The roads and back ways of Mayfair and all about St. James's again, albeit perhaps of a later growth in point of time, were of the very spirit and architectural texture of the Bladesover passages and yards; they had the same smells, the space, the large cleanest and always going to and fro where one met unmistakable Olympians and even more unmistakable valets, butlers, footmen in mufti. There were moments when I seemed to glimpse down areas the white panelling, the very chintz of my mother's room again.

I could trace out now on a map what I would call the Great-House region; passing south-westward into Belgravia, becoming diffused and sporadic westward, finding its last systematic outbreak round and about Regent's Park. The Duke of Devonshire's place in Piccadilly, in all its insolent ugliness, pleases me particularly; it is the quintessence of the thing; Apsley House is all in the manner of my theory, Park Lane has its quite typical mansions, and they run along the border of the Green Park and St. James's. And I struck out a truth one day in Cromwell Road quite suddenly, as I looked over the Natural History Museum "By Jove," said I "but this is the little assemblage of cases of stuffed birds and animals upon the Bladesover staircase grown enormous, and yonder as the corresponding thing to the Bladesover curios and porcelain is the Art Museume and there in the little observatories in Exhibition Road is old Sir Cuthbert's Gregorian telescope that I hunted out in the storeroom and put together." And diving into the Art Museum under this inspiration, I came to a little reading-room and found as I had inferred, old brown books!

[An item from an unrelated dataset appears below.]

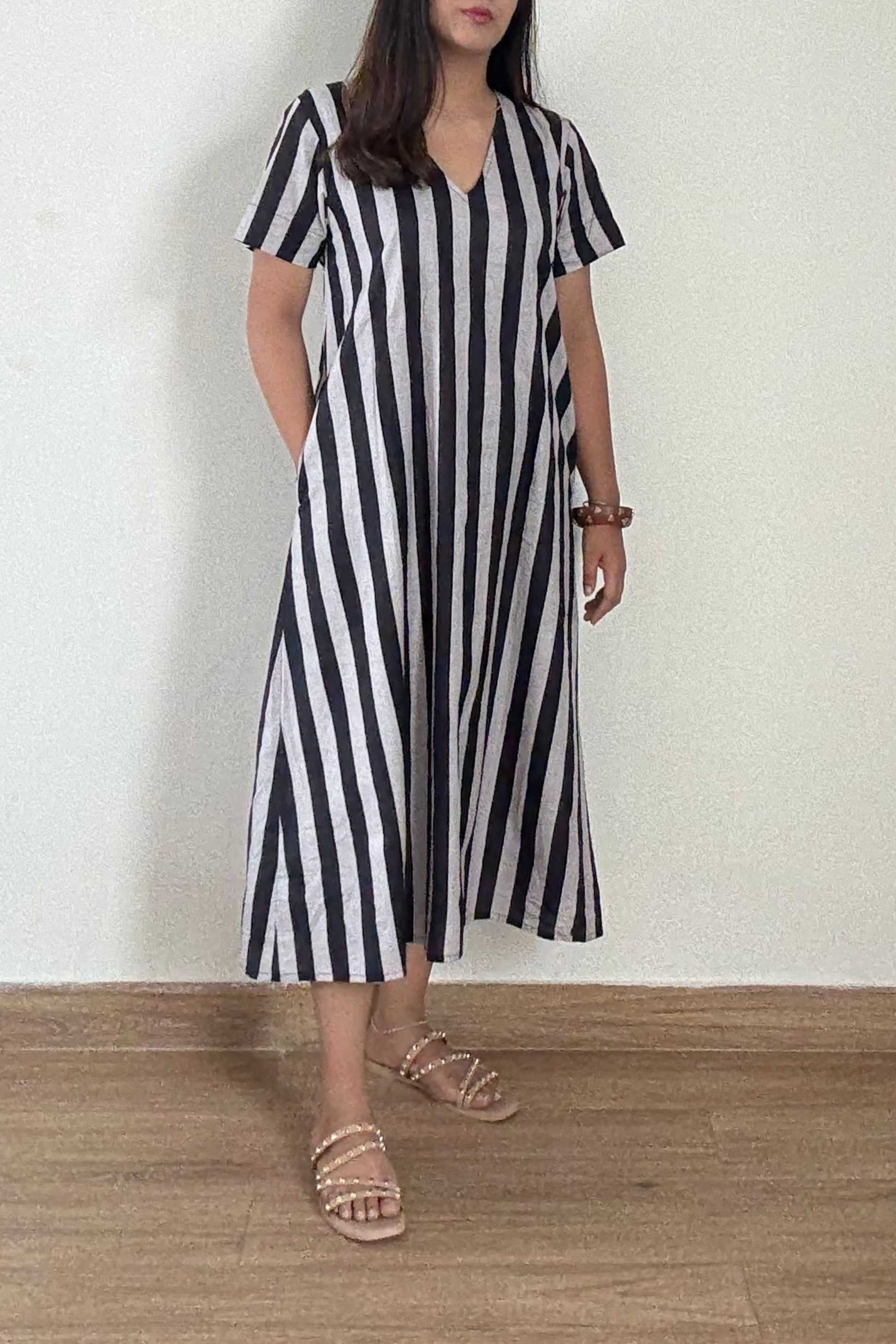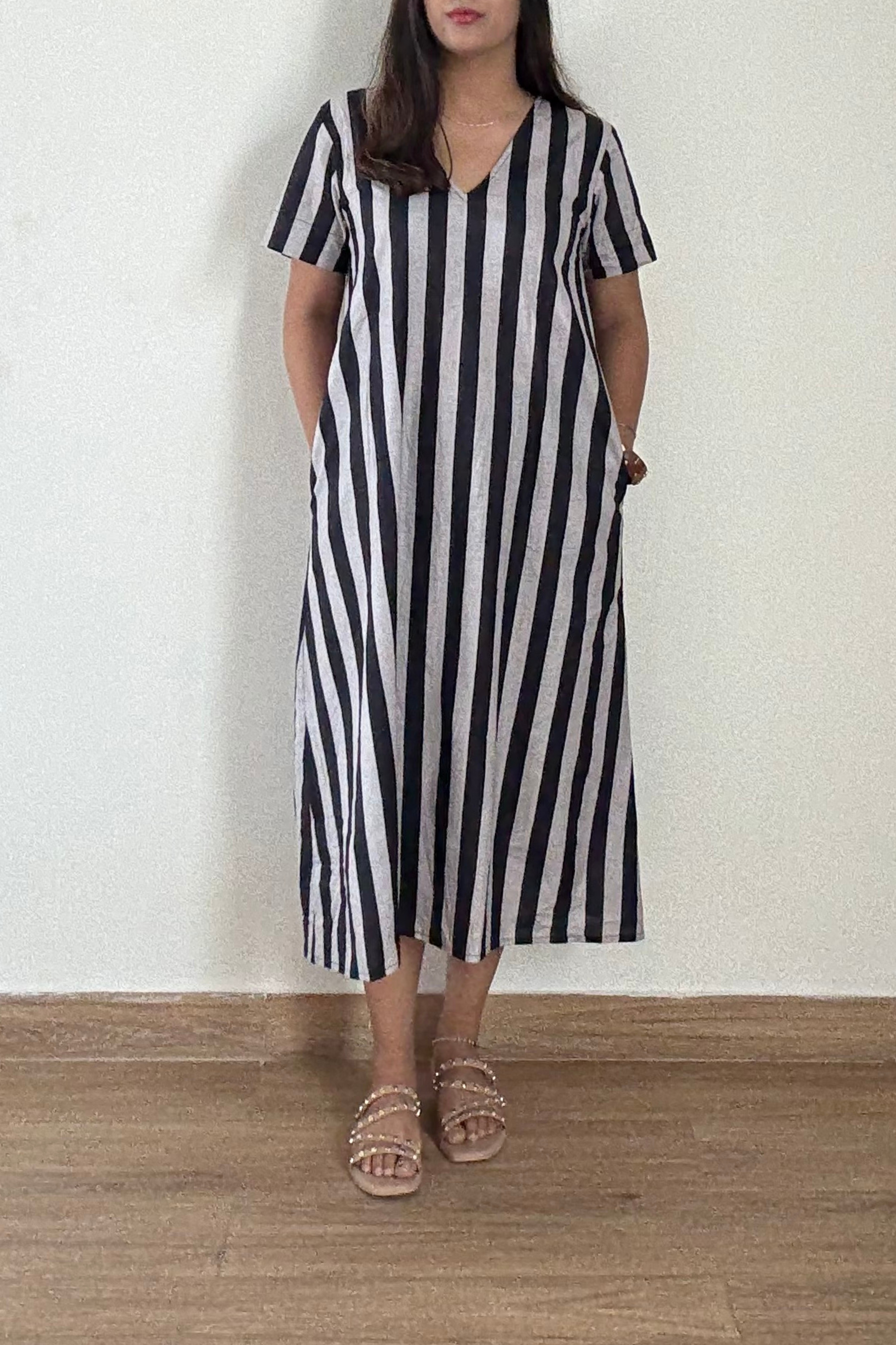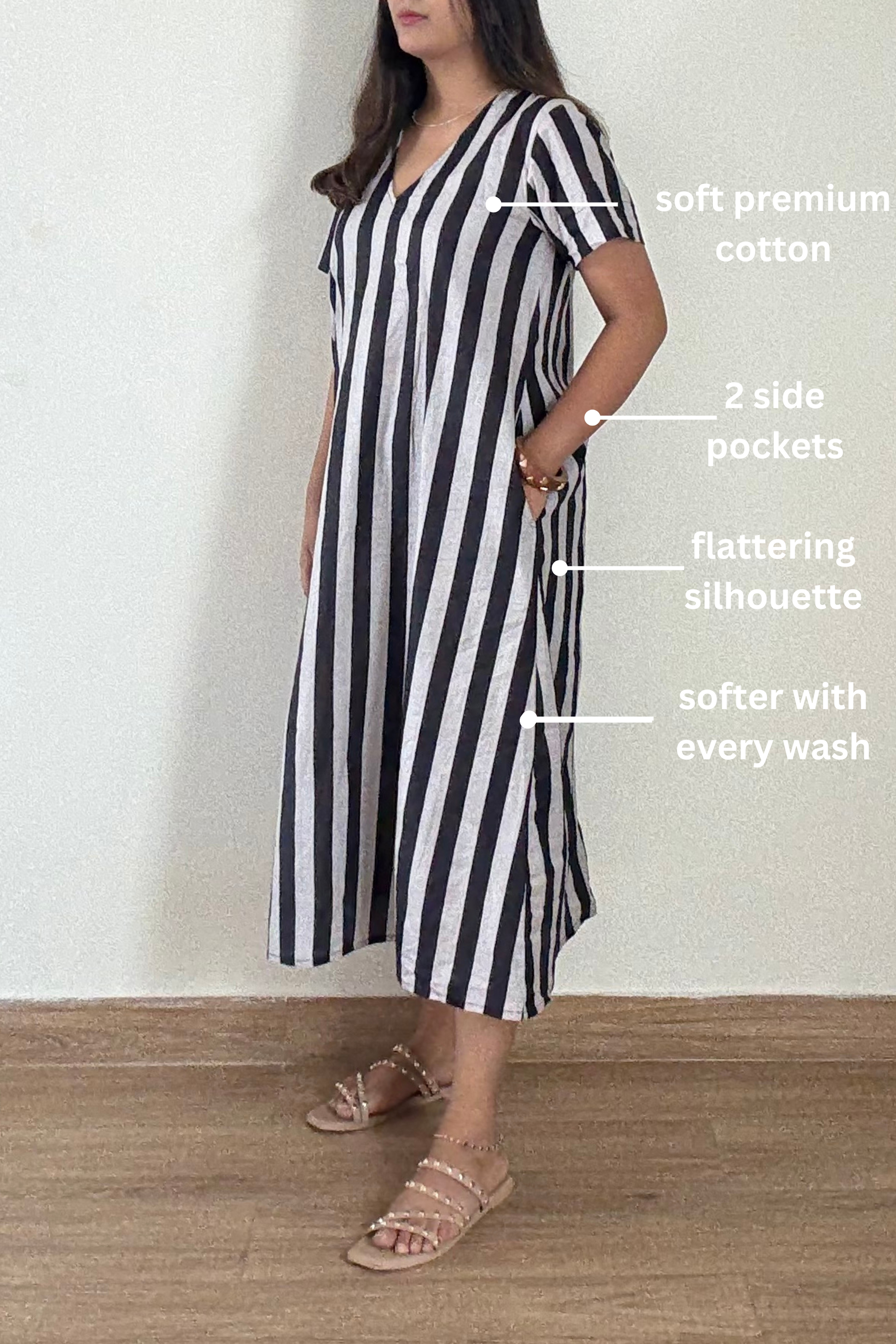 Introducing our versatile long kurta dress with block-printed stripes, perfect for casual workwear, leisure, and vacation.

It was really a good piece of social comparative anatomy I did that day; all these museums and libraries that are dotted over London between Piccadilly and West Kensington, and indeed the museum and library movement throughout the world, sprang from the elegant leisure of the gentlemen of taste. Theirs were the. first libraries, the first houses of culture; by my rat-like raids into the Bladesover saloon I became, as it were, the last dwindled representative of such a man of letters as Swift. But now these things have escaped out of the Great House altogether, and taken on a strange independent life of their own.